In your copy, include every line of the records exactly and no picture at all.

BEGIN DATA EXTRACTS

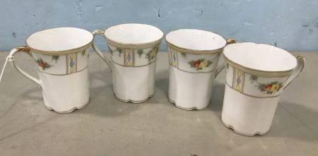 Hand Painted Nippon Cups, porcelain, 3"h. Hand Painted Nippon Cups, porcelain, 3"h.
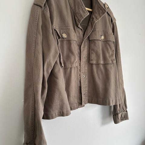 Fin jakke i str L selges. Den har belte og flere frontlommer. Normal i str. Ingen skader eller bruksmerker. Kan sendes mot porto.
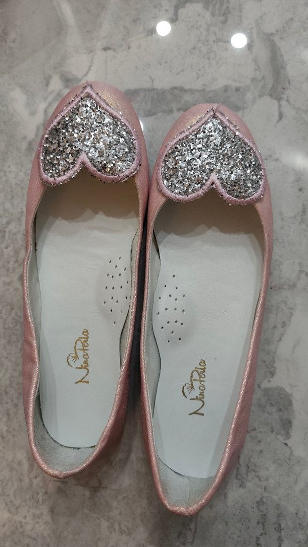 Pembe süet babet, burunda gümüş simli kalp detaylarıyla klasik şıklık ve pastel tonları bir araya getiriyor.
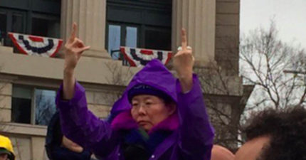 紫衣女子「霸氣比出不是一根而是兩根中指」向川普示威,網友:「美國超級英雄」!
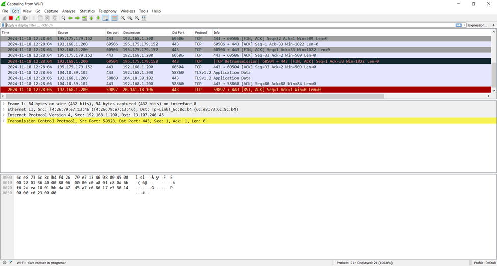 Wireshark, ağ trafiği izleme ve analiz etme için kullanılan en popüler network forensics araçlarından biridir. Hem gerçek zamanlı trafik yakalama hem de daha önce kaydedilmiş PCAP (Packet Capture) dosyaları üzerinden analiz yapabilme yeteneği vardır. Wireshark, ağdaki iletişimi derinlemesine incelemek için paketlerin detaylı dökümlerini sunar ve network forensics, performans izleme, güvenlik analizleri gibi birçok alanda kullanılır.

END DATA EXTRACTS

▸ **YOUR RESPONSE**
 Hand Painted Nippon Cups, porcelain, 3"h. Hand Painted Nippon Cups, porcelain, 3"h.
 Fin jakke i str L selges. Den har belte og flere frontlommer. Normal i str. Ingen skader eller bruksmerker. Kan sendes mot porto.
 Pembe süet babet, burunda gümüş simli kalp detaylarıyla klasik şıklık ve pastel tonları bir araya getiriyor.
 紫衣女子「霸氣比出不是一根而是兩根中指」向川普示威,網友:「美國超級英雄」!
 Wireshark, ağ trafiği izleme ve analiz etme için kullanılan en popüler network forensics araçlarından biridir. Hem gerçek zamanlı trafik yakalama hem de daha önce kaydedilmiş PCAP (Packet Capture) dosyaları üzerinden analiz yapabilme yeteneği vardır. Wireshark, ağdaki iletişimi derinlemesine incelemek için paketlerin detaylı dökümlerini sunar ve network forensics, performans izleme, güvenlik analizleri gibi birçok alanda kullanılır.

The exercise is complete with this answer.